Wednesday 8 December 2010

When leaking gets boring

I am bored of Wikileaks. I am bored of Julian Assange (who, I have to admit, for a long time I thought was called Julian Le Singe inducing images of Monsieur Lavisse trying to coax a monkey from a tree in Cours IllustrĂ© de Francais livre 1). I really don’t know what the organisation’s current campaign is all about or what it is trying to achieve. None of the revelations are actually that revealing. Today’s release of cables relating to the release of the Lockerbie bomber tell us nothing new, although they do underline that the American administration didn’t understand devolution which isn’t so terrible, most of the UK media don’t get it either. No big cover ups have been uncovered, no allegations of torture have been made, no plots have been made public. All we have learnt over the past couple of weeks is that American diplomats send back frank reports on all manner of meetings to the State Department. Well, I should hope so – it is part of the job. They should absolutely be free to report as they wish. What we don’t want to encourage is a culture of secrecy in which nothing is committed to paper and entered into the formal record and people rely instead on conversations. This does not make for good government - a goal I believe I share with Wikileaks and Mr Assange.

Tuesday 7 December 2010

Put me out of this Widdie nightmare . . .

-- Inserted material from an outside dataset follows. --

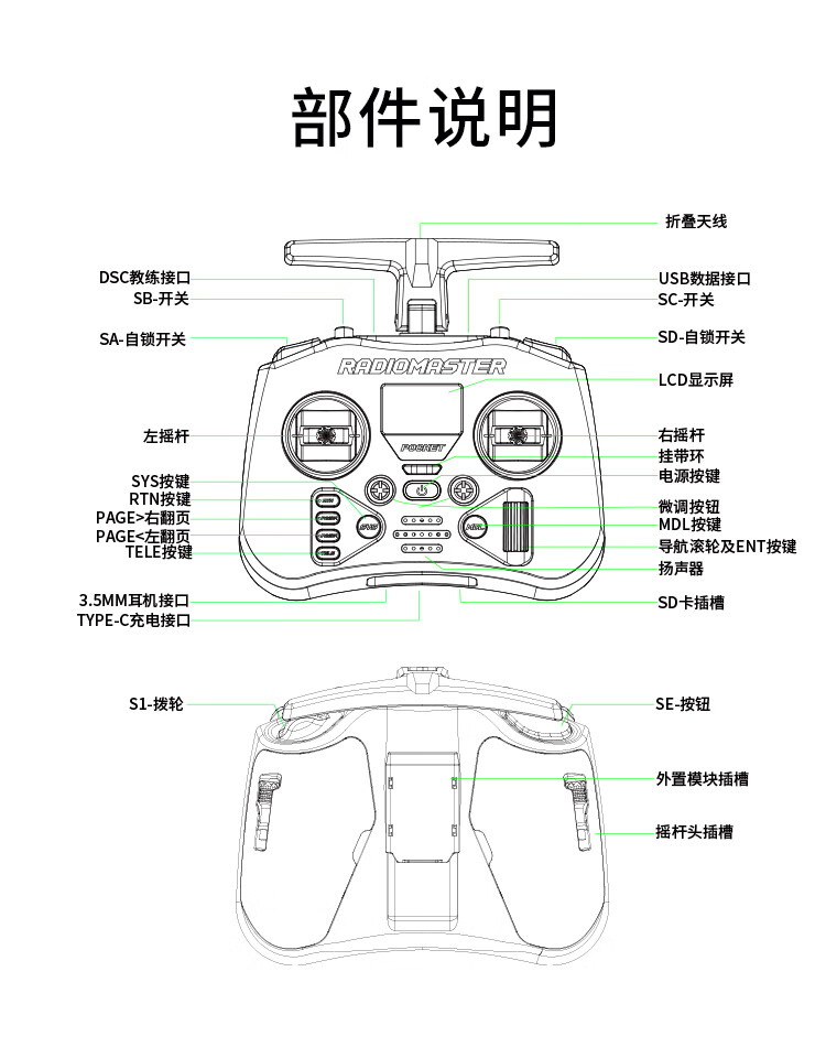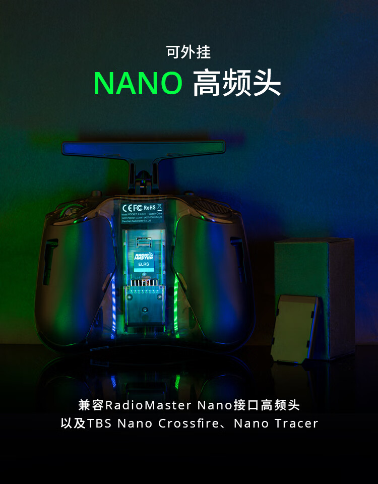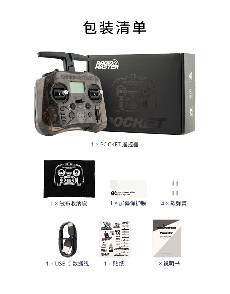 Radiomaster Pocket remote control traversing machine ELRS model aircraft FPV simulation handle remote control CC2500 ELRS version with Bluetooth, transparent color standard, left hand oil

I breathed a sigh of relief on Sunday evening. Ann Widdecombe was finally knocked out of Strictly. She was truly dreadful – incapable of dancing, unable to keep the beat and not a ounce of humility, no recognition that better dancers than her (that is everyone else) were being eliminated. The woman can’t dance and I didn’t find her entertaining. But you know what I held my tongue. But, I can do so no longer. The first testing on my patience came on yesterday’s Today programme. It wasn’t Jim Naughtie’s spoonerism that offended me but his piece about 20 minutes later about Widdecombe leaving the show. We were “treated” to 1 min 32 of puffery, ending with the words “delightful”. When was it decided that Ann Widdecombe was a national treasure? I don’t remember being asked. I would have campaigned against. Apart from her disservce to the world of dance, let us not forget that she is a climate change denier, consistently voted against equal rights for homosexuals and when a minister order female prisoners to be shackled to their beds during labour. Stephen Fry she ain’t. Won’t someone please make her exit stage right?